Investigação continua

Agora, a polícia trabalha para identificar os responsáveis pelos perfis. De acordo com os investigadores, é possível diferenciar publicações feitas para denunciar o crime daquelas criadas com objetivo criminoso de divulgar as imagens da violência sexual.

Até o momento, um adulto foi preso e quatro adolescentes apreendidos. Todos confessaram participação no crime.

Atendimento às vítimas

Os dois meninos seguem em centros de acolhimento em São Paulo, recebendo atendimento psicológico e assistência especializada. Familiares também passaram a receber acompanhamento após relatos de ameaças e intimidações. Por segurança, as famílias deixaram suas casas e foram levadas para locais não divulgados.

Projeto aumenta penas

Em meio à repercussão do caso, a Câmara dos Deputados aprovou um projeto de lei que aumenta penas para crimes sexuais. A proposta prevê punições mais duras para estupro, assédio sexual e crimes previstos no Estatuto da Criança e do Adolescente.

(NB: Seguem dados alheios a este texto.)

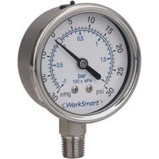 Manufacturer Part Number: 115AL25400|Gauge Type|Type|Scale Measurement Ranges|0 to 400Scale Type|Accuracy (%)|3-2-3Dial Type|AnalogThread Type|NPTBourdon Tube Material|BronzeType of Liquid Filler|Glycerine; WaterMount Type|LowerWetted Parts Material|BrassDial Diameter (mm)|63.55Dial Diameter (Decimal Inch)|Dial Diameter (Inch)|2-1/2Minimum Pressure (psi)|Maximum Pressure (Psi - 2 Decimals)|400Minimum Hg|Maximum Hg|Liquid Filled|YesMinimum Display Range|Maximum Display Range|Case Material Grade|Case Material|Stainless SteelLens Material|Color|Thread Size|1/4 inMinimum Scale Measurement|Maximum Scale Measurement|Gauge Connection Size|For Use With|Standards|Series|Model Number|Minimum PSI|0Additional Information|Display Range|0 to 400Minimum Working Temperature (Deg F)|Maximum Working Temperature (F)|Minimum Working Temperature (Deg C)|Maximum Working Temprature (Deg C)|Product Service Code|UNSPSC Code|

O texto agora segue para análise do Senado Federal.

Debate sobre maioridade penal

O caso reacendeu o debate sobre a redução da maioridade penal, já que quatro dos envolvidos no estupro coletivo são menores de idade. Durante o Manhã Bandeirantes, comentaristas cobraram que o Congresso volte a discutir propostas relacionadas ao tema diante do aumento de casos graves envolvendo adolescentes.